Sens. Jim Inhofe (R-Okla.), ranking member on the Senate Armed Services Committee, and Richard Shelby (R-Ala.), the top Republican on the Appropriations Committee, had offered the parity rule as an amendment to a new bill being considered to bolster technology efforts to stay ahead of China.
The amendment failed by a 44-53 vote with three Republicans, Sens. Chuck Grassley (R-Iowa), Mike Lee (R-Utah) and Rand Paul (R-Ky.), joining Democrats in voting against the measure.
“The best deterrent to Chinese ambition and aggression is a strong and feared American military. Providing the funding increases our military needs to counter this growing threat must be our highest priority. Instead, President Biden’s budget proposes cutting defense while increasing non-defense spending by nearly 20 percent. His priorities are out of order — a strong military underpins everything else we do to push back on China,” Inhofe and Shelby wrote in a joint statement detailing their amendment.
Sen.
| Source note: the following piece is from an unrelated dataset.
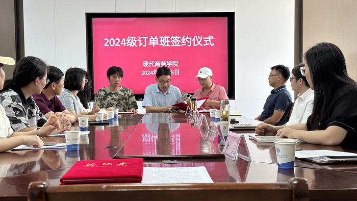 為進一步深化產教融合,助力校企實踐人才培養,促進安慶市數字商務產業學院建設,9月25日,安慶職業技術學院現代商務學院與安徽云霽電子商務有限公司和安慶協成商務服務有限公司舉行產教融合、校企合作交流會暨24級“工學一體”訂單班簽約儀式。云霽電商公司總經理汪義德、協成商務公司總經理楊根蓮及公司相關人員,現代商務學院黨總支書記、院長金啟勝,該院學生工作負責人,電子商務專業負責人、跨境電子商務專業負責人以及相關班級輔導員和學生代表參加簽約儀式,會議及儀式由該院教學工作負責人主持。
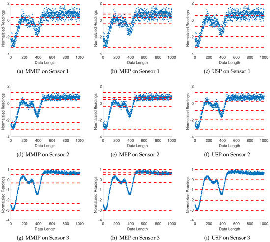 Three different types of partitioning, namely, the proposed maximum mutual information partitioning (MMIP), maximum entropy partitioning (MEP), and uniform space sartitioning (USP) for time series of sensors 1, 2, and 3. Plots (a–c) represent sensor No. 1; plots (d–f) represent sensor No. 2; and plots (g–i) represent sensor No. 3. The alphabet size for each case is , which is obtained by Subtask 1. The partitioning line segments for symbolization are shown by (red) dashed horizontal lines and time series of sensors are marked in (blue) solid-line profiles.

Patrick Leahy (D-Vt.), the chairman of the Appropriations Committee, on Wednesday criticized the rule and said it would “lead to absurd results.”
“Under this amendment, if we pass an infrastructure bill through reconciliation providing $2 trillion dollars to fix our roads and bridges and build out broadband, we would then have to provide $2 trillion dollars for defense, nearly tripling the defense budget – unless we had sixty votes to pass it without the defense dollars,” Leahy wrote in a statement. “We can have a debate about the appropriate levels for defense and non-defense spending in Fiscal Year 2022, but we should not do it by creating arbitrary rules and we should not do it on this bill.”
The Senate also rejected a separate amendment to the bill, by a vote of 46-48, that would have blocked the cancellation of contracts for border security measures for which funds have already been obligated.